So the way I approach it now is that I just use the code that I know will require the least effort from the CPU, in the hope that on average (i.e. averaged over the many different future versions of the program) the speed difference between a cheap and an expensive group of instructions will be in favor of the cheap group, even to for individual cases it can sometimes be the reverse.

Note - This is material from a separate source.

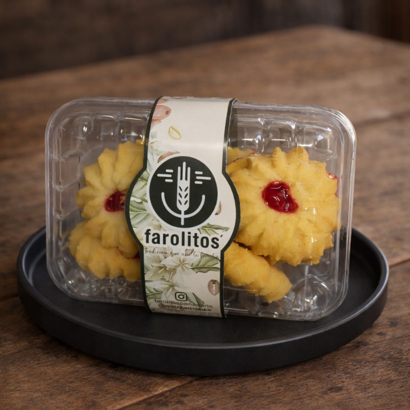 Hojaldrado tradicional (con mantequilla y leche en polvo) relleno con queso campesino acompañado de mermelada de mora.
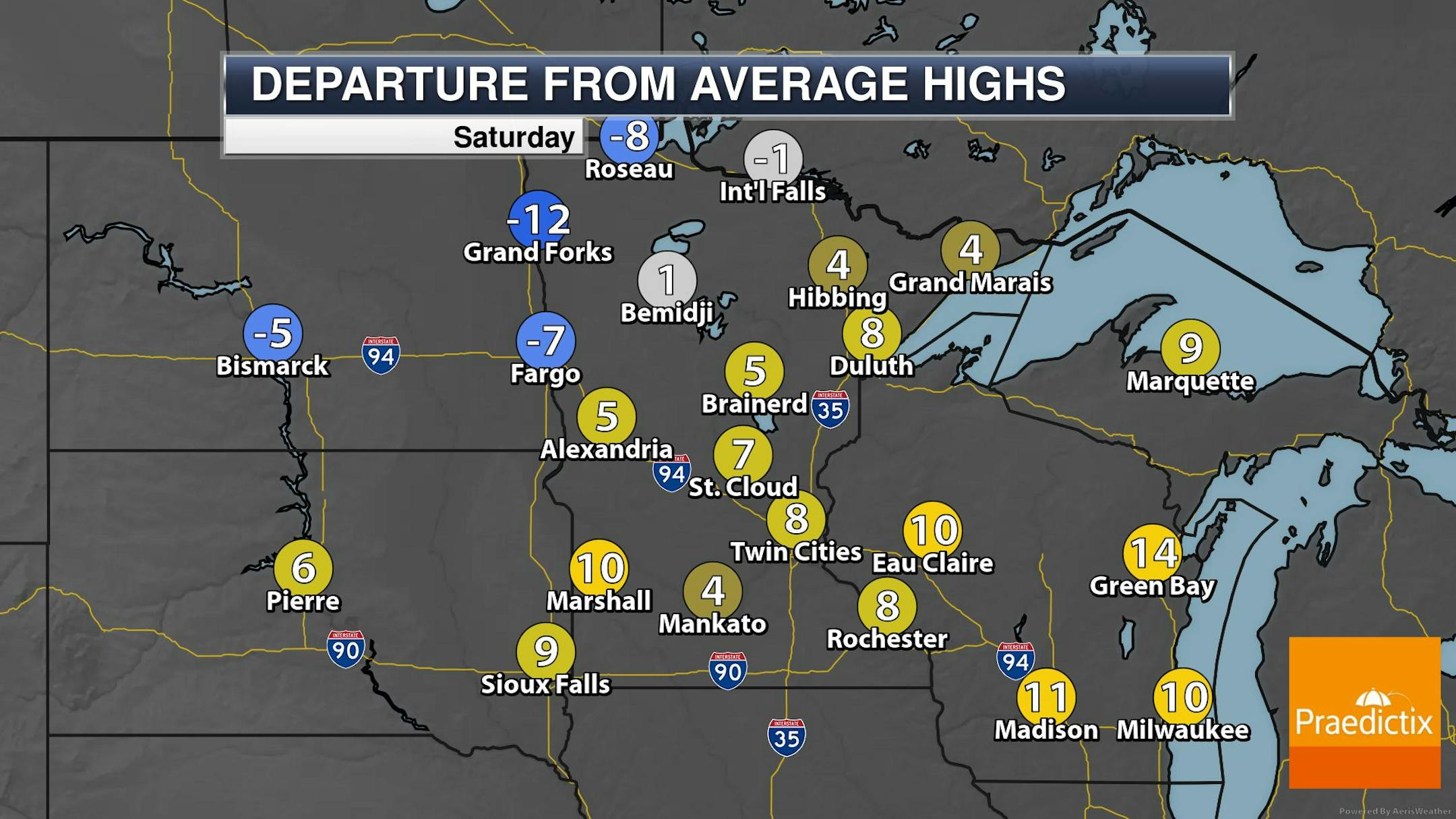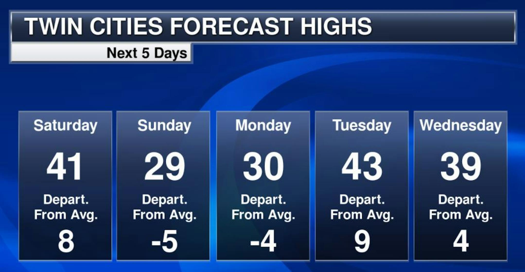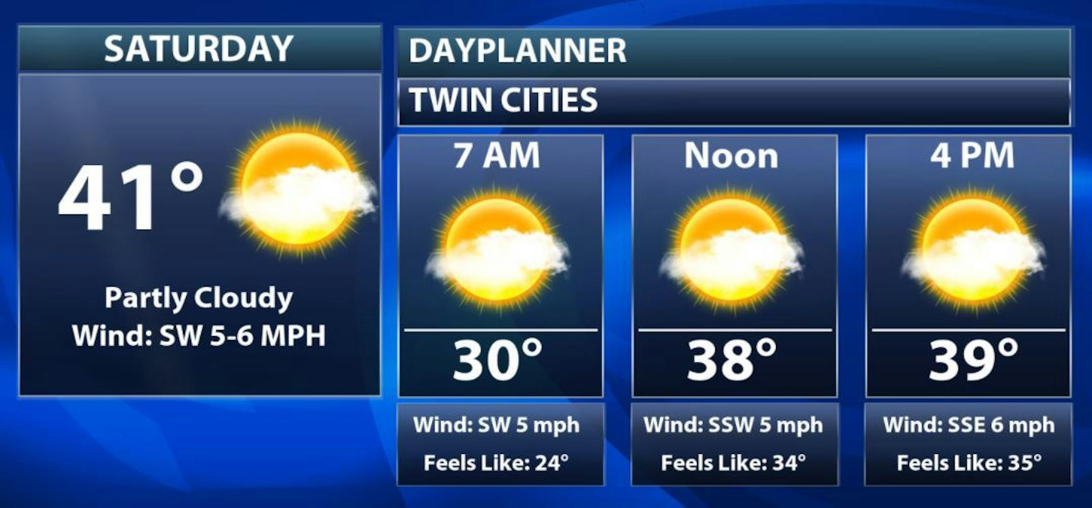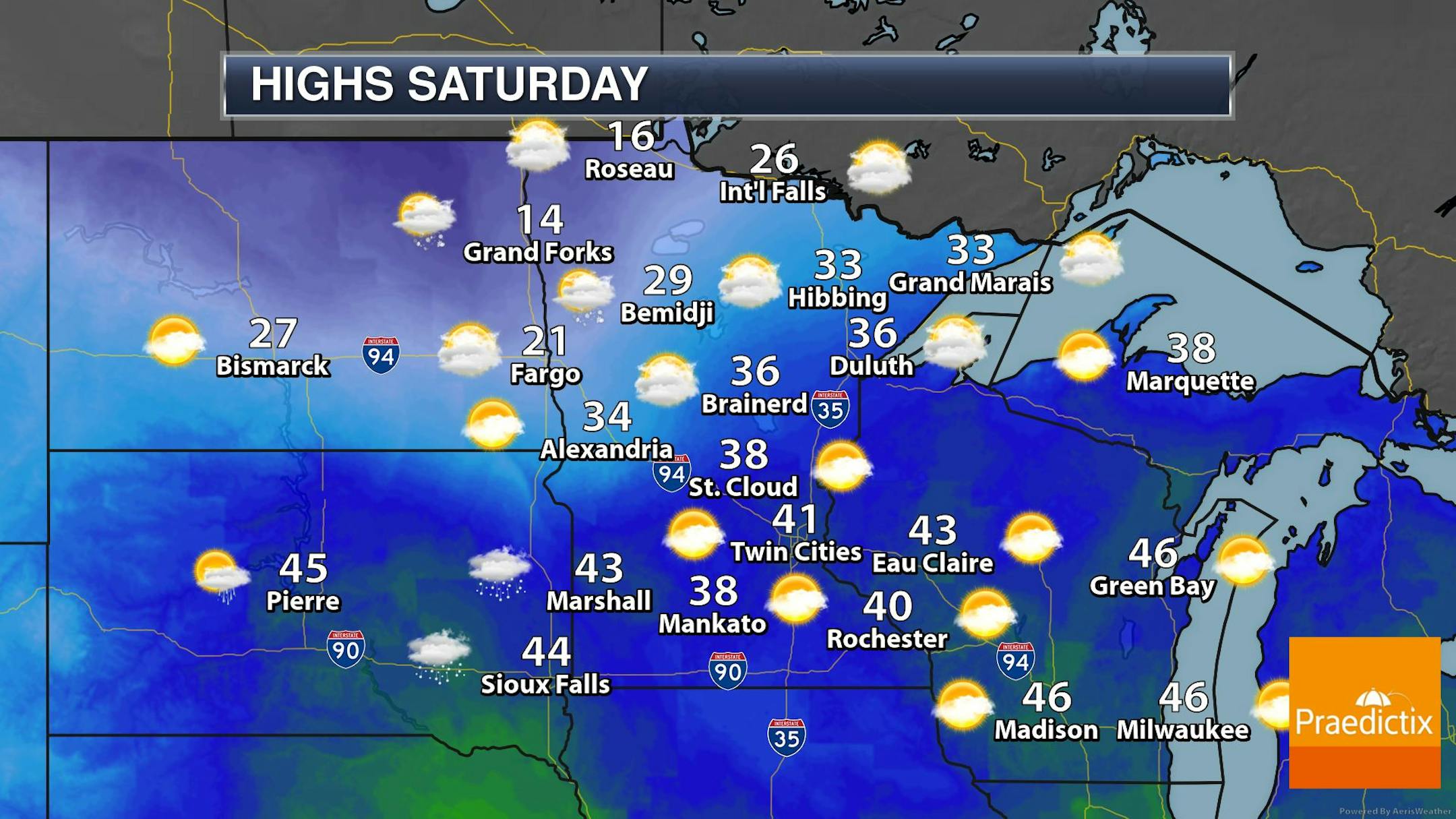 The weather outlook for Saturday shows fairly quiet conditions through much of the day. The nice thing is that winds will be quite a bit lighter than they were on Friday. The highest wind gust in the Twin Cities on Friday was 43mph, while the highest wind gust in St. Cloud was 52mph! Temps will be slightly warmer than average on Saturday with highs warming into the lower 40s.

mar · Post by **mar** » Fri Apr 10, 2020 8:48 am

hgm wrote: ↑Fri Apr 10, 2020 7:29 am My experience is that you cannot really optimize programs this way (i.e. make very small changes and see how they affect execution time) on these modern multi-scalar out-of-order CPUs. Execution times of instructions just depend too much on each other. E.g. on the order in which instructions appear, at what absolute address they appear. When I was writing Qperft, at some point some of its code had become unreachable: it was in an if-statement with a condition that could not possibly be fulfilled anymore due to other changes. But when I deleted that code, the time for perft(6) became appreciably slower (some 10-20%, IIRC). Very much like what you are reporting here. Apparently deleting the unused code moved other code to a different address, which had a large impact on its execution speed. Or perhaps insertion of an always-taken conditional branch resolved a collision between branch patterns that otherwise would have confused the global branch predictor. So many obscure things are going on in these CPUs that it is impossible to know.

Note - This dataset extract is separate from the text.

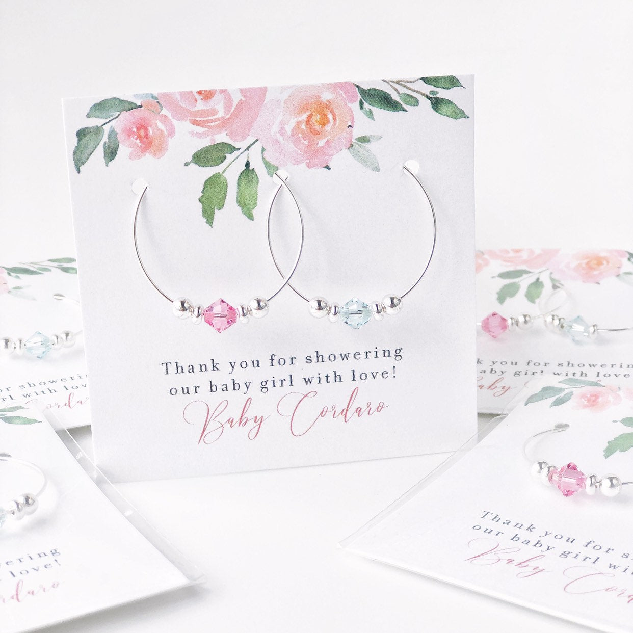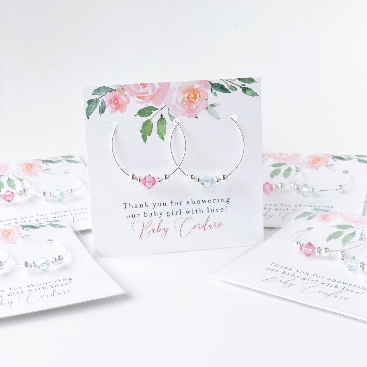 Wine Baby Shower Favors Floral, Sip and See Decorations, Sip and See Favors, Girl Baby Shower Decorations, Swarovski Wine Charms - FR100
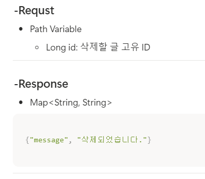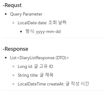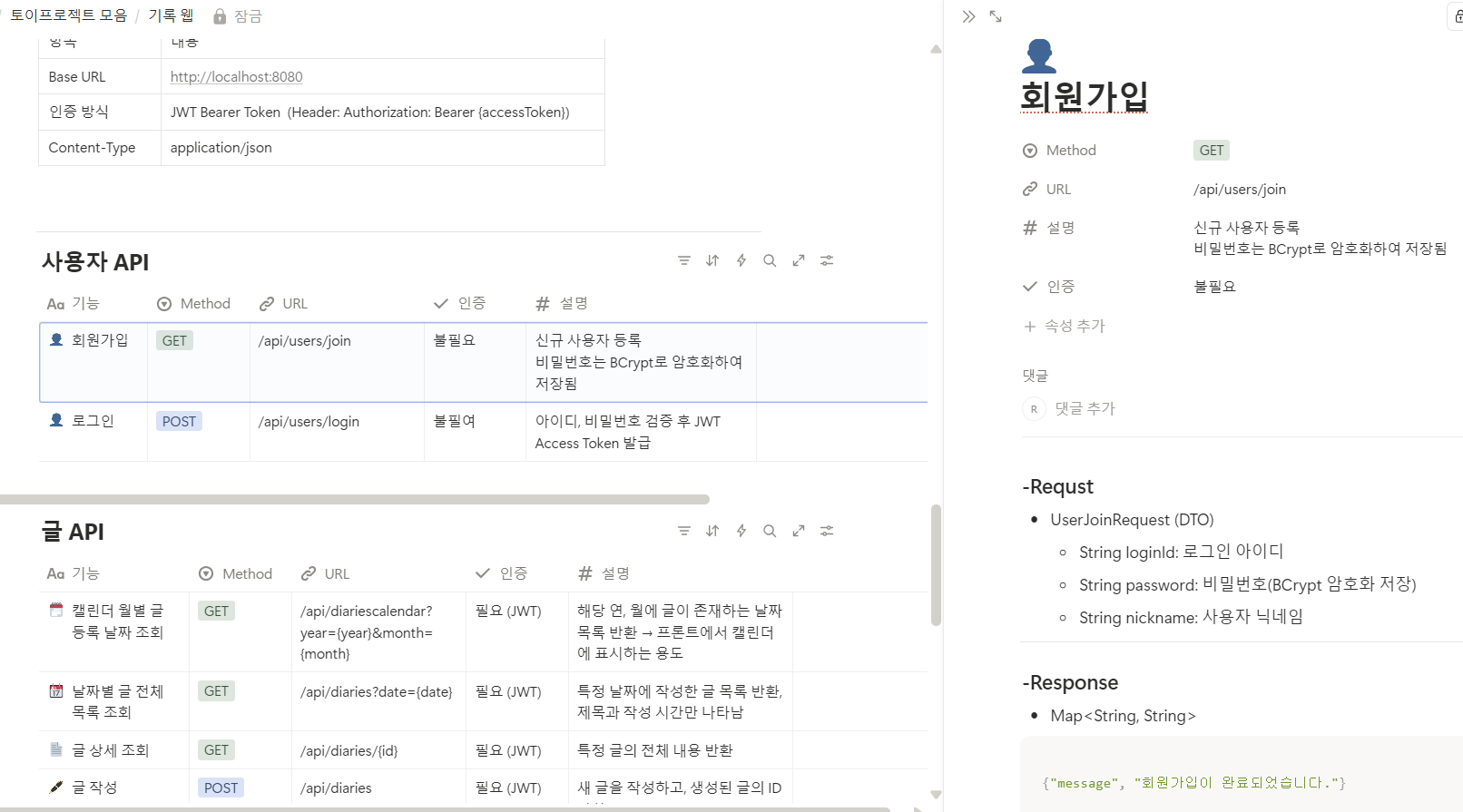 노션에서 아래 사진처럼 각 기능마다 request / response를 명세화했다. ㅎㅎ

I have a very similar experience, recently I found a strange regression (40%) in a switch (bytecode VM), reordering one VM opcode (=case inside switch) and the problem was gone. This happened on Ryzen, on Intel no such problem was present. So I suspect either icache/uop cache (not sure how this one really works) or branch predictor, but since it was an indirect jump based on a register that got resolved just before the jump, I don't think that branch predictor was involved.
What puzzles me that the switch fits in 3 4k pages, so that should fit comfortably into L1i, I don't know. These things can happen and there's nothing to do about it, I'm afraid.

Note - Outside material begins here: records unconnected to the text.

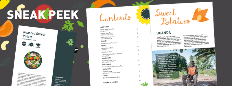 The cookbook is a 22-page booklet, bursting with recipes inspired by our projects and the countries we work in. From sweet potatoes to cashew nuts, the versatile ingredients mean the book is full of vegan and vegetarian dinners, delicious weekend bakes and plenty of east African recipes!
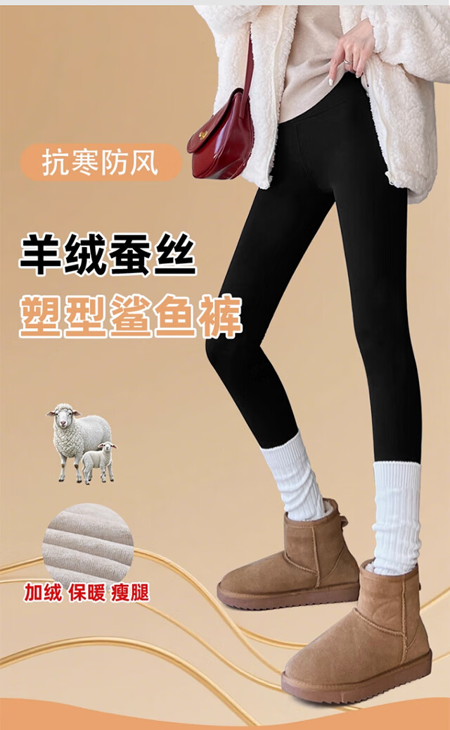 Langsha Cashmere Silk Shark Pants Women's Outerwear Autumn and Winter 2025 New Warm Cotton Pants High Waist Velvet Thickened Leggings
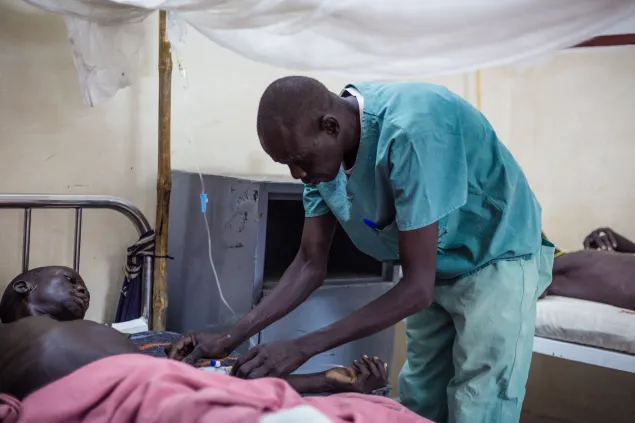随着上尼罗地区战事愈演愈烈,科多克医院的红十字国际委员会外科医疗队夜以继日地开展工作。

Terje · Post by **Terje** » Fri Apr 10, 2020 12:46 pm

The to^8 trick tested well in Weiss but not in Ethereal (likely due to factors discussed by hgm), which is why I was curious about what your profiler would say (and the actual performance).

If you want to see Weiss speed without the eval/move order code you can comment out the lines marked as 'update material', 'update phase', and 'update various piece lists' (this comment needs updating lol), in Add/Clear/MovePiece functions in makemove.c and line 67-75 in movegen.c. On my machine perft 7 drops from 104 to 88 seconds, a ~15% speedup.

I too only count leaf nodes so my perft output is a bit misleading. I'll update this to properly specify that it means leaves not all nodes, as well as leaves/s.

Nice speedup again!

leanchess · Post by **leanchess** » Fri Apr 10, 2020 1:30 pm

I specifically optimised my perft implementation and got it to half those times (albeit with no castling and incomplete promotion implementation). I'm wondering if this has to do with your language of choice. The reason I'm asking is that I'm considering switching to Rust as you advertised it as capable of addressing 128-bit registers, which could be useful in implementing that idea of mine.

Terje · Post by **Terje** » Fri Apr 10, 2020 1:49 pm

leanchess wrote: ↑Fri Apr 10, 2020 1:30 pm I specifically optimised my perft implementation and got it to half those times (albeit with no castling and incomplete promotion implementation). I'm wondering if this has to do with your language of choice. The reason I'm asking is that I'm considering switching to Rust as you advertised it as capable of addressing 128-bit registers, which could be useful in implementing that idea of mine.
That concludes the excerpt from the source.